WASHINGTON – A one-time U.S. Army reporter during World War II donated a never-before-published transcript of radio coverage of the Nuremberg war crimes trials of Nazi leaders to the U.S. Holocaust Memorial Museum on Tuesday — 68 years to the day after he began reporting on the landmark military tribunal.
Harold Burson covered the trials in 1945 and 1946 for the American Forces Network on the radio. He wrote extensive scripts for on-air announcers who were broadcasting to U.S. soldiers in Europe and to the English-speaking population in Germany during the first Nuremberg trial.
Burson, now 92, took the train from New York to Washington to deliver his collection of 40 scripts to curators Tuesday. The broadcast recordings have been lost. After the war years, Burson, went on to create the large public relations firm Burson-Marsteller.
In 1945, 22 Nazi political, military and economic leaders were put on trial in Nuremberg, Germany, for crimes against humanity. Of those, three were acquitted, 12 were executed, three were sent to prison for life, and four others were imprisoned for 10 to 20 years, according to museum records.
Burson was 24 when he began reporting on the courtroom scene, the defendants and the key players. Before enlisting in the Army, he had paid for college by working as a stringer for his hometown newspaper, The Commercial Appeal in Memphis, Tenn. He joined about 200 other news reporters covering the first trial.
"To me, it was exhilarating because these were arguably the best news people in the world," Burson told The Associated Press, recalling how he met Walter Cronkite who was reporting at the time for United Press International and Howard K. Smith of CBS. "My audience was primarily the million or so soldiers who were still in Europe and had fought the war."
Burson said surveys at the time also showed the American military radio network was one of the most trusted sources of news in Germany after the war because people believed the U.S. Army would not lie to its troops. So Burson was under orders to report for English-speaking people in Germany as well.
"General Eisenhower wanted the German people to know exactly what happened and how the war began and how it was prosecuted by the Nazi regime," he said.
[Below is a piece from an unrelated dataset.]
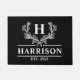 Accueillez vos invités avec une élégance intemporelle en utilisant ce mat de porte noir personnalisé. Le monogramme élégant, le nom de famille et l'année bien établie, tous affichés dans une police blanche immaculée, créent une entrée accueillante et personnalisée. Conçu avec des matériaux durables, ce tapis de porte est parfait pour ajouter une touche de sophistication à votre véranda ou patio.
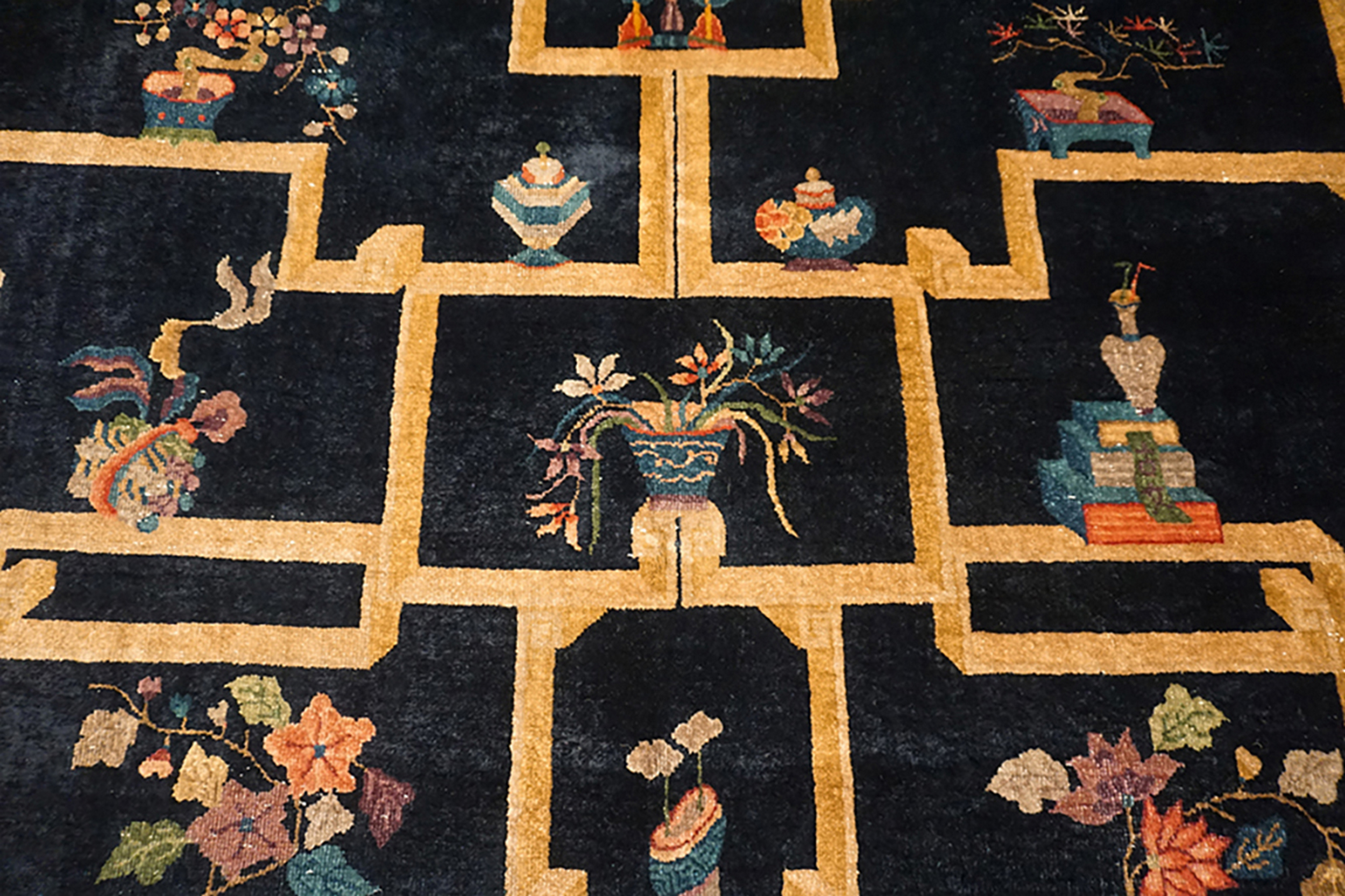 The defining characteristic of this design is the complex, rectilinear grid that segments the field into numerous small compartments. Unlike typical medallion structures, this composition utilizes an allover design approach, where each compartment holds a distinct symbolic element—vases of flowers, scholarly objects, or auspicious emblems—creating a visual inventory of Chinese cultural motifs.

The United States, Soviet Union, Great Britain and France all supplied judges and a prosecution team for the trials. Burson reported on efforts to make the trials fair and legitimate for the defendants, including paying for defense lawyers.
"It was, I think, an honest effort to do so," he said. "Of course, I don't think it's possible to overcome the fact that the winner is trying the loser."
This will be the museum's first detailed transcript of coverage of the trials, said Scott Miller, the museum's director of curatorial affairs.
The Nuremberg trials produced the first legal documentation and evidence of genocide by the Nazis during World War II, before their atrocities were referred to as the Holocaust. Miller said the transcripts will be a new resource for researchers studying the Holocaust and the precedent for international military tribunals set by Nuremberg.
"This is an incredible eyewitness primary source of history," Miller said. "He was witnessing the testimony of Nazi criminals, the captured German photos, the captured German film footage, the captured German documents that were shown at Nuremberg, shown to the world for the first time. He witnessed them become the evidence of the Holocaust."
Audiobook maker Audible produced a recording of Burson's transcripts with actors reading the scripts. Burson also conducted an oral history interview to leave his vivid memories with the museum.
"This was still new to the world," Miller said of Burson's accounts. "It was fresh and raw."